Transparency: Study Claims Obama Cabinet Ignored 19 in 20 Disclosure Laws

Transparency: Study Claims Obama Cabinet Ignored 19 in 20 Disclosure Laws

President Barack Obama campaigned in 2008 on a promise to make his administration the most transparent administration ever, but a recent Bloomberg News survey found that 19 out of 20 cabinet-level agencies failed to obey the law to disclose the cost of travel by its top officials. In addition, just eight of the 57 federal agencies met the news organization’s request within the 20-day time period required by law. 

This is yet another example of an Obama promise, as Daniel Metcalfe, the director of the Department of Justice’s office monitoring the government’s compliance with FOIA requests from 1981 to 2007, said, being more “talk the talk” than “walk the walk.” 

According to Bloomberg News, its reporters designed the survey in part to “gauge the timeliness of the response, which Attorney General Eric Holder called ‘an essential component of transparency'” in a March 2009 memo. 

By law, departments must respond to FOIA requests “within 20 working days, ask for a 10-day extension, or offer a timetable for the release of the information.” Bloomberg reporters filed the FOIA requests in June of 2012 seeking records concerning travel expenses of top officials from all of the departments for fiscal year 2011. 

Top cabinet officials whose travel expenses were not disclosed include: Transportation Secretary Ray LaHood, Energy Secretary Steven Chu, Environmental Protection Agency Administrator Lisa Jackson, Homeland Security chief Janet Napolitano, U.S. Ambassador to the United Nations Susan Rice, Secretary of State Hillary Clinton, Attorney General Eric Holder, Health and Human Services Secretary Kathleen Sebelius.

“It’s ironic that the demands in the presidential campaign for Mitt Romney’s tax returns are unrelenting, but when it comes time to release the schedules for senior appointees there’s the same denial of access,” remarked Paul Light, a New York University professor who studies the federal bureaucracy.

According to Bloomberg’s record and study, agencies like the Government Services Administration, which spent over $800,000 on a taxpayer-funded Las Vegas junket in which administrators and officials bragged on video about how they wasted taxpayer dollars, “almost tripled its expenditures for conferences from 2005 to 2010.”
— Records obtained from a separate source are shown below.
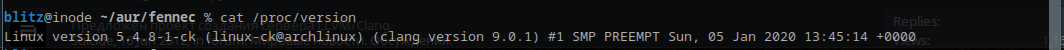 Linux version 5.4.6-2-ck (linux-ck@archlinux) (clang version 9.0.0 (tags/RELEASE_900/final)) #1 SMP PREEMPT Tue, 24 Dec 2019 18:17:39 +0000
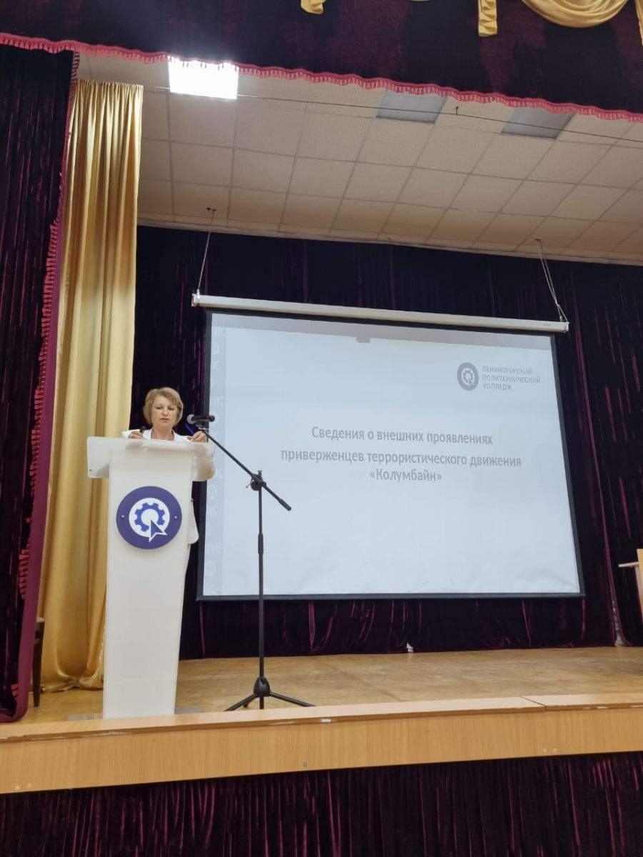 3 июня 2025 г. в рамках заседания педагогического совета, во исполнение протокольного поручения решения Совета Безопасности Республики Татарстан, заместитель директора по воспитательной работе Фролова О. П. ознакомила педагогический коллектив с информацией о внешних проявлениях приверженцев террористического движения "Колумбайн".
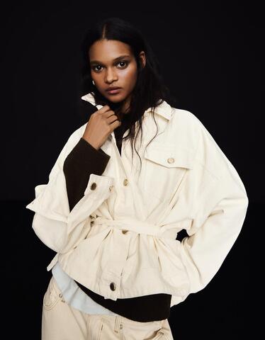 BERSHKA Джинсовая куртка оверсайз, кремовый

“Taxpayers paid $27.8 million for more than 200 overnight gatherings attended by at least 50 GSA employees over the five-year period,” according to the records.

Further, the report found the Obama administration has used more “exemptions to block the release of information.” In the first year of the Obama administration alone, there was a “50-percent jump” in exemptions from the last year of George W. Bush’s presidency. 
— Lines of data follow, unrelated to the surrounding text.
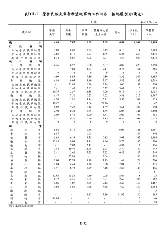 表D11-1 原住民族失業者希望從事的工作內容-按地區別分(續完)
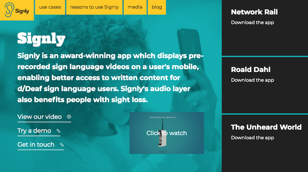 Signly – приложение для людей с ограничениями по слуху и общающихся на языке жестов, которое дает возможность просмотреть тексты, которые были ранее переведены и записаны на языке жестов.
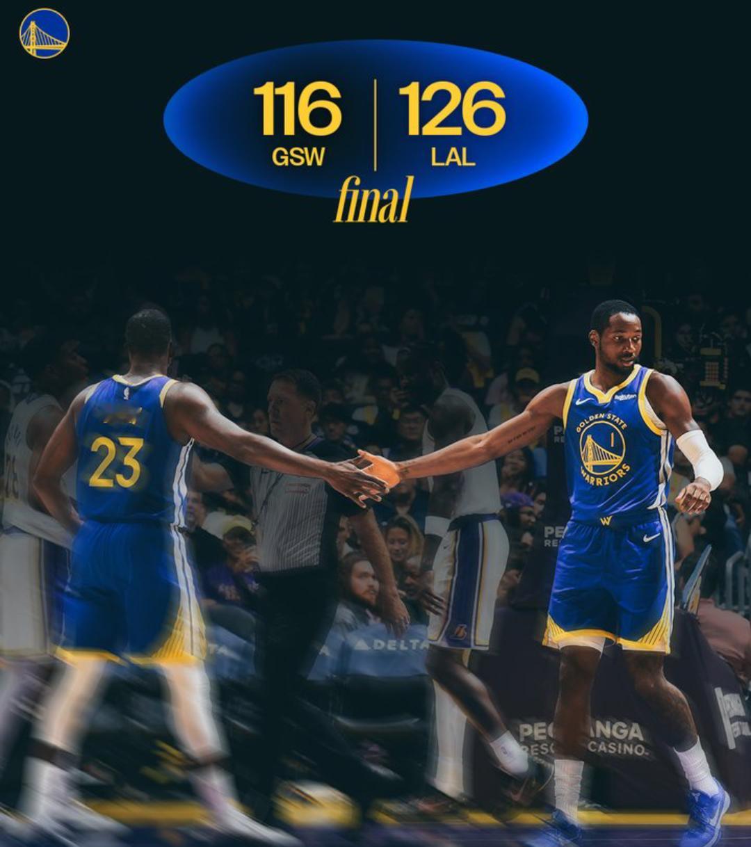 今日比赛 金州勇士116-126不敌洛杉矶湖人队遭季前赛首败

Bloomberg News noted Secretary of the Treasury Timothy Geithner, Labor Hilda Solis, former Secretary of Commerce and Acting Secretary Gary Locke and Rebecca Black, U.S. Trade Representative Ron Kirk and Jacob Lew, the former director of the Office and Management and Budget who is now White House Chief of Staff, eventually disclosed their travel expenses, but none met the 2o-day deadline. 

Further, Eric Holder’s Justice Department, which monitors how agencies responds to FOIA requests, “has yet to release the travel details of top officials at three of its affiliated agencies: The Bureau of Alcohol, Tobacco, Firearms and Explosives, the Drug Enforcement Administration and the Federal Bureau of Investigation.” 
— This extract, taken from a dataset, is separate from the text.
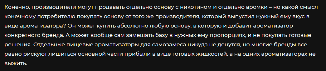 >>526371 >Это вообще не тот товар, что он продает А что его товар? На жиже более чем чем хорошая маржа, это в его интересах в первую очередь, шобы аромки остались в текущем состоянии, иначе ему же придётся основой голой барыжить.
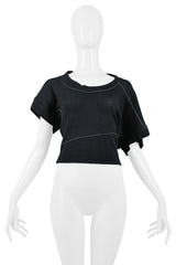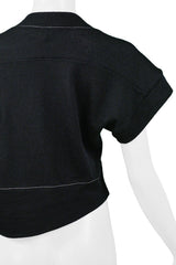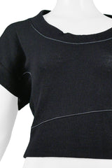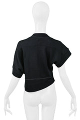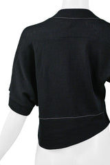 BALENCIAGA BLACK ASYMMETRICAL SWEATER WITH WHITE STITCHING 2002

The head of the Justice Department’s Office of Information Policy said the “crush of work” made it difficult for the department to respond to FOIA requests in a timely manner.

Obama admitted at a Univision forum that he has realized he could not “change Washington from the inside,” and on the issue of transparency, Obama has not been able to change Washington like he promised to do in 2008.